- _Task to complete_
Copy out every line of the records in which "Women" can be found.

- _The input_
•••

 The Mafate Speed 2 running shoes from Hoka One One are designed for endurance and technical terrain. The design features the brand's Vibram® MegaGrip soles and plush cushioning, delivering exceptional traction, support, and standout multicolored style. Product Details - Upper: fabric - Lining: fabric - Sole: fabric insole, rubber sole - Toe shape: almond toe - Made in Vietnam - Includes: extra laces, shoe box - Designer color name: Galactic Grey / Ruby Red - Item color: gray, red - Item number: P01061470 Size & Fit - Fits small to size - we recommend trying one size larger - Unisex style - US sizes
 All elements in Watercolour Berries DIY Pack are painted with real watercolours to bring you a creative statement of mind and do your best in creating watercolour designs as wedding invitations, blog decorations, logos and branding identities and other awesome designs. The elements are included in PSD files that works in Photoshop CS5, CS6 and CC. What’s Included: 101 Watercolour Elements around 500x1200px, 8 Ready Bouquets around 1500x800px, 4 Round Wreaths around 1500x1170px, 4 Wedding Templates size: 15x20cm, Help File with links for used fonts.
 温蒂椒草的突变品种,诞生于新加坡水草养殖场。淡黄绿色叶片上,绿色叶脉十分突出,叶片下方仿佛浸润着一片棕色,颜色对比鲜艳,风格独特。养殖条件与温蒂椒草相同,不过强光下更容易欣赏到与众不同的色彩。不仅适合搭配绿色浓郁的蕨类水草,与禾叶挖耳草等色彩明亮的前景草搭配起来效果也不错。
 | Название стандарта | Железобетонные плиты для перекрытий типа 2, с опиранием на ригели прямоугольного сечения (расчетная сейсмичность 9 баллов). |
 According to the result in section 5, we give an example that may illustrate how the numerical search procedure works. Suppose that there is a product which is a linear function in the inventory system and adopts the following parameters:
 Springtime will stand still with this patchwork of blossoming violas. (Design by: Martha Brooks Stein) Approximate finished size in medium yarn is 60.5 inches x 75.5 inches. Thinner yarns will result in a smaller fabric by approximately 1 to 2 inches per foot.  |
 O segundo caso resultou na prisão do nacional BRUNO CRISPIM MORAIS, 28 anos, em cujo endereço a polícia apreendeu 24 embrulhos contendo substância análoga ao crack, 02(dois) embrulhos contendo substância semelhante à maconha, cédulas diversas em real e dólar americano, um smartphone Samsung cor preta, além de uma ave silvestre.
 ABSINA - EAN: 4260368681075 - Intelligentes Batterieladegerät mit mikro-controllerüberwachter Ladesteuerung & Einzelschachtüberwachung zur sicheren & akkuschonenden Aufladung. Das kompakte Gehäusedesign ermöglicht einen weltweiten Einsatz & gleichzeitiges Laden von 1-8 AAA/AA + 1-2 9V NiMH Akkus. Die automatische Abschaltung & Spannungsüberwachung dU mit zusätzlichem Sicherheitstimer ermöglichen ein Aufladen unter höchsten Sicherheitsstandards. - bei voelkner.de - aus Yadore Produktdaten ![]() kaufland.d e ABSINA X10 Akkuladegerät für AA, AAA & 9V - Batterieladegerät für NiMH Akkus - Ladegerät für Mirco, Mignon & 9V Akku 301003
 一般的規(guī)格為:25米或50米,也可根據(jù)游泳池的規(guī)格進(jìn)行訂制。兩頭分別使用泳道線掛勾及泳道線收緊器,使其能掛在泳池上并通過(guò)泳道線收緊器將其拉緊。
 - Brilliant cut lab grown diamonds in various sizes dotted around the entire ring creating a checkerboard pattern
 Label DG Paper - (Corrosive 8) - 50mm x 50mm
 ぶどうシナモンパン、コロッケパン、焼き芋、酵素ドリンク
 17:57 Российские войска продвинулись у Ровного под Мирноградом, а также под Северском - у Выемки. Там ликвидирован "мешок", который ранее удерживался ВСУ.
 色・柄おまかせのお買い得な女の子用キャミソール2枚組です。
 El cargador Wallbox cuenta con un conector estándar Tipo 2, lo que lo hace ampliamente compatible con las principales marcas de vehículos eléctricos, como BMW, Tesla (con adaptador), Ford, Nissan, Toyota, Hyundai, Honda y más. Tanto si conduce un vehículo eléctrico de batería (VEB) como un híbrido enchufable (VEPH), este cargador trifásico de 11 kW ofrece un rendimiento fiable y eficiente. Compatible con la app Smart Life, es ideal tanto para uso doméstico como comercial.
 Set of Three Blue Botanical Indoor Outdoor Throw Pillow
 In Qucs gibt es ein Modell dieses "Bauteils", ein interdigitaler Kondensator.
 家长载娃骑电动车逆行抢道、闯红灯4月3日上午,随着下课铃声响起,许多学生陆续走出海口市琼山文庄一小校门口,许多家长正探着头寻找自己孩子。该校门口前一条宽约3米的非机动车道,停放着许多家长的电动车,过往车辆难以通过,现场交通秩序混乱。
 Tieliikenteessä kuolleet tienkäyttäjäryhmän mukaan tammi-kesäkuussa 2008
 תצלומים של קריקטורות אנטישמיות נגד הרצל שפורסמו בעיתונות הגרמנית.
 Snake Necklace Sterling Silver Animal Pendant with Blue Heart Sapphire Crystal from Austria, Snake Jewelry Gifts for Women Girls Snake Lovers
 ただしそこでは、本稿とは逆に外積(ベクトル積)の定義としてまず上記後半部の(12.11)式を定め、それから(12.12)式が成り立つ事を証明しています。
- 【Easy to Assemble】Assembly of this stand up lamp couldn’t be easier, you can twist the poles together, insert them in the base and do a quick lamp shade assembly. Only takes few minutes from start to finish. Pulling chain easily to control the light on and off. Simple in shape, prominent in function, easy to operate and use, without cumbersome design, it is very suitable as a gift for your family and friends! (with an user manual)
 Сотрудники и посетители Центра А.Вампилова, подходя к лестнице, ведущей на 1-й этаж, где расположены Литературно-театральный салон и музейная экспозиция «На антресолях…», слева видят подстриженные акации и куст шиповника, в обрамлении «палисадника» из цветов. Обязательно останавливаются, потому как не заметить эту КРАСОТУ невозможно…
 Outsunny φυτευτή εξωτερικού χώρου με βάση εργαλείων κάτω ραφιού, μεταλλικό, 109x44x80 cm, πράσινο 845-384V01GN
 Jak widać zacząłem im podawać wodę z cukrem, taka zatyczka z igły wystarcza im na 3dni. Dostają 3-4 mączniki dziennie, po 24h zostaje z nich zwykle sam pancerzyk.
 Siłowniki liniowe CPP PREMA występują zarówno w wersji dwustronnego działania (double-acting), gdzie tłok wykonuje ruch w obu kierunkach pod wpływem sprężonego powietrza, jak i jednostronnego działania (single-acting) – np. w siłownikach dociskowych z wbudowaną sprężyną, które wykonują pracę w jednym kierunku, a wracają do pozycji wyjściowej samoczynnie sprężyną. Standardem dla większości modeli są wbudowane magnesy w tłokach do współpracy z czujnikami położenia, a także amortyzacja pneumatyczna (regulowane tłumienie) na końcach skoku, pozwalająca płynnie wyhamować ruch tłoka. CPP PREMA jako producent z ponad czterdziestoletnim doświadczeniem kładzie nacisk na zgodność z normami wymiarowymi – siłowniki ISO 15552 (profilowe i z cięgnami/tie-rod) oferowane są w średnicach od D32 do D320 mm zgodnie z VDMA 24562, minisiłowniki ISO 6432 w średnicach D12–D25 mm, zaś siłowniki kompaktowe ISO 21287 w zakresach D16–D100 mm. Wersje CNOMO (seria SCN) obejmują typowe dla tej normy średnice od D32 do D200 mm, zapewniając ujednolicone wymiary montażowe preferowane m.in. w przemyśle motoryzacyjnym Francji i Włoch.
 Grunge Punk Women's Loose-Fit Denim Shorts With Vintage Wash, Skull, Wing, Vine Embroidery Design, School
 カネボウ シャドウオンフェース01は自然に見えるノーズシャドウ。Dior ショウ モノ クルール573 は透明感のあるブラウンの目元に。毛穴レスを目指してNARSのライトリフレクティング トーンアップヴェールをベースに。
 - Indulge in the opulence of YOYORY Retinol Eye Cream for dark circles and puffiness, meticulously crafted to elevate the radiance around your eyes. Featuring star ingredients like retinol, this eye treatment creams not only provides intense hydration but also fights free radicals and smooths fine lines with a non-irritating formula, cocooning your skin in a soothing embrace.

•••

- _Solved problem_
 Snake Necklace Sterling Silver Animal Pendant with Blue Heart Sapphire Crystal from Austria, Snake Jewelry Gifts for Women Girls Snake Lovers
 Grunge Punk Women's Loose-Fit Denim Shorts With Vintage Wash, Skull, Wing, Vine Embroidery Design, School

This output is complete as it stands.